**TASK BRIEF**
Take the entries below and print, exactly, the stretch from the line containing "Arizona State running" through the line containing "大立軸櫃裡陳列的四張立軸,希", both included.

**SUPPLIED DATA**
- - -

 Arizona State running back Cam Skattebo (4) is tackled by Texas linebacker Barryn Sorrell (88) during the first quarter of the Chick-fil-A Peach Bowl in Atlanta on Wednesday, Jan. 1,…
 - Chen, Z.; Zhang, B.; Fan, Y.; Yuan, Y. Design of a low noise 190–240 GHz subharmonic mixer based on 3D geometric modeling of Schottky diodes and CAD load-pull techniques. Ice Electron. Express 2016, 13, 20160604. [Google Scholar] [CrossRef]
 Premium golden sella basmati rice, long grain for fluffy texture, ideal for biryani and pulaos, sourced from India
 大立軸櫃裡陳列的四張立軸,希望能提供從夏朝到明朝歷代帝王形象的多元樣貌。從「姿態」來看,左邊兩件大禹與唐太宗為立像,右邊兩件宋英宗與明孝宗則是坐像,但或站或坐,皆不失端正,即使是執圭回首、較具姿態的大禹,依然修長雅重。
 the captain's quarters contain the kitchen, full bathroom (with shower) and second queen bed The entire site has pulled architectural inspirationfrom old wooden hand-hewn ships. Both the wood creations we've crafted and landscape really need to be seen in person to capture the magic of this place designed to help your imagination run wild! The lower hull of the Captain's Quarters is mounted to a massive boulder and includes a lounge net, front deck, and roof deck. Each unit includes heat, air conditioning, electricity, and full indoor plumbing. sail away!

- - -

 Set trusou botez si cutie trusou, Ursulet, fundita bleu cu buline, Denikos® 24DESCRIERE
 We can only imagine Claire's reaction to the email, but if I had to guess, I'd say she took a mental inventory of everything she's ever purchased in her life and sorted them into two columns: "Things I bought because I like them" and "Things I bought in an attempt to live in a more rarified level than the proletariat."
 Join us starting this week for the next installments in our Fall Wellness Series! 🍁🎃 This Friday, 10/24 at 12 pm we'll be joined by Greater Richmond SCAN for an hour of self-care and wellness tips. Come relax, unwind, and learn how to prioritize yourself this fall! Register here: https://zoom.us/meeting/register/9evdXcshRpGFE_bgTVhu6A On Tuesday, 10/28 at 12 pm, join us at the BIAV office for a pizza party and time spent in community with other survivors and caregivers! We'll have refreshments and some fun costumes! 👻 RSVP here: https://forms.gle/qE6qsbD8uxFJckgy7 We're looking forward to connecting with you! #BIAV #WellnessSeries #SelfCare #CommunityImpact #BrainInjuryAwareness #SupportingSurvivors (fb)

- - -

**FINAL ANSWER**
 Arizona State running back Cam Skattebo (4) is tackled by Texas linebacker Barryn Sorrell (88) during the first quarter of the Chick-fil-A Peach Bowl in Atlanta on Wednesday, Jan. 1,…
 - Chen, Z.; Zhang, B.; Fan, Y.; Yuan, Y. Design of a low noise 190–240 GHz subharmonic mixer based on 3D geometric modeling of Schottky diodes and CAD load-pull techniques. Ice Electron. Express 2016, 13, 20160604. [Google Scholar] [CrossRef]
 Premium golden sella basmati rice, long grain for fluffy texture, ideal for biryani and pulaos, sourced from India
 大立軸櫃裡陳列的四張立軸,希望能提供從夏朝到明朝歷代帝王形象的多元樣貌。從「姿態」來看,左邊兩件大禹與唐太宗為立像,右邊兩件宋英宗與明孝宗則是坐像,但或站或坐,皆不失端正,即使是執圭回首、較具姿態的大禹,依然修長雅重。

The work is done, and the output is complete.